Gonna bump my USVI energy thread to brainstorm these solutions and try to put a number on savings.

A lot of chatter out there of Jigar Shah becoming Energy Secretary. He's the kind of person who would act lightning fast on "shovel ready" energy projects like that..

 

[Off Shore]

Gonna bump my USVI energy thread

Pointer please.

 

[TheTalkingMule]

US Virgin Islands thread

 

[EinSV]

I suspect that nearly all the gains apply. One exception is cell vehicle integration. However life cycle gains are a big advantage of stationary over private vehicle applications. So to be somewhat conservative we may want to back out the gains from cell vehicle integration. Thus, the $/MWh is potentially reduced 49% (56% total minus 7% cell vehicle. Perhaps more importantly for production ramp up, the capex per GWh is potentially reduced 61% (69% total minus 8% cell vehicle).

Now after having backed out cell vehicle integration, we can certainly respect that the MegaPack housing likely represents a substantial reduction in pack costs over the PowerPack. It's possible that the large cells may require less internal supports.
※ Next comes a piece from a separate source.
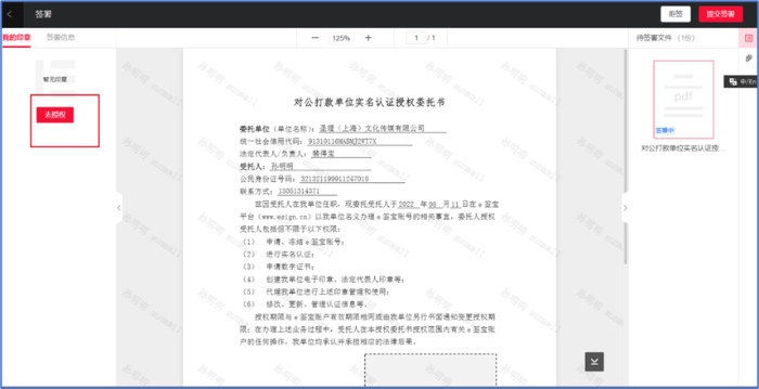 授权完成后需要进行意愿校验进行签署。

The outer housing is driven by the surface area of the pack in ratio to the volume (and hence MWh capacity) of the battery. So the scale of of MegaPack is really important for reducing the amount of housing per MWh. Additionally, installation costs can be driven down by doing more of wiring and integration with inverter in the factory. The MegaPack size is probably optimized for transport and onsite installation.

The gain in range (from presentation deck) probably speaks to energy density gains (both by weigh and volume). So density speaks to optimizing the capacity of the MegaPack. Maybe this is 40% (54% minus 14% cell vehicle integration.) Density gains likely translate into transport and installation cost efficiencies.
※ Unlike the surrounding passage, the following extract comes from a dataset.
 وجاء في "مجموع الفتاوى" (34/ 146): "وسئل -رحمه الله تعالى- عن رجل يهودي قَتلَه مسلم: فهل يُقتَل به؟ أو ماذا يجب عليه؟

One other thing to factor in is that rapidly falling finance rates for renewables combined with extended battery life should allow for some nice reductions in PPA costs that are not captured in $/MWh battery capacity.

For example, if the battery life is extended from 15 years to 30 years at an interest rate of 5%, the battery cost savings would be about 32% per kWh energy.
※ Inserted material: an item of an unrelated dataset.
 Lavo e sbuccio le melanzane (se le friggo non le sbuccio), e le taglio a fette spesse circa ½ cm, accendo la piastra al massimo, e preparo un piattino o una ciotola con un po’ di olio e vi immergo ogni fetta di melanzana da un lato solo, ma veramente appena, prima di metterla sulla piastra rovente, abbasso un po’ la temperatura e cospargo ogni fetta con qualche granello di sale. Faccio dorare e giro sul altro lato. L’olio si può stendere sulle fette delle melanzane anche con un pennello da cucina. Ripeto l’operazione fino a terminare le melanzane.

You can play around with the assumptions, but the bottom line is that added battery life should reduce PPA costs, whether for batteries alone or batteries combined with solar or wind. This will expand the market for batteries and accelerate the sunsetting of gas and coal plants.

 

[MC3OZ]

Community battery storage will help "dumb" networks catch up with energy transition | RenewEconomy

Transmission is $80 per MWh in Australia or 8 cents per kWh.
The wholesale/retail/transmission split is something like 40%/30%/30%. So retail most be another 8 cents per kWh... So 16 cents per kWh is transmission and retail which behind-the-meter doesn't have to pay.

Australia is probably an extreme example, this would vary by country, but home battery and solar really exposes the inefficiencies and profit-margins in the existing grid.

It is likely that in most locations a simple bundled service per kWh will look bad compared to how batteries and solar. When transmission and retail/administration are split out, they will look even worse.

Utilities and the other power industry companies are suffering from outdated technology, outdated business practices and a business model under threat.

 

[MC3OZ]

There's gonna be a major switch flipped this year and next when we can get enough new cheaper cells for megapacks utilizing autobidder

I was thinking just yesterday that exporting Megapacks from China built with CATL/LG 4680 LFP cells would make a lot of sense.

Tesla is struggling to meet Megapack demand, LFP seems like an ideal fit. China can satisfy internal demand and export to Europe and the Asia Pacific, this would free up US Megapack production for US demand.

 

[jhm]

One other thing to factor in is that rapidly falling finance rates for renewables combined with extended battery life should allow for some nice reductions in PPA costs that are not captured in $/MWh battery capacity.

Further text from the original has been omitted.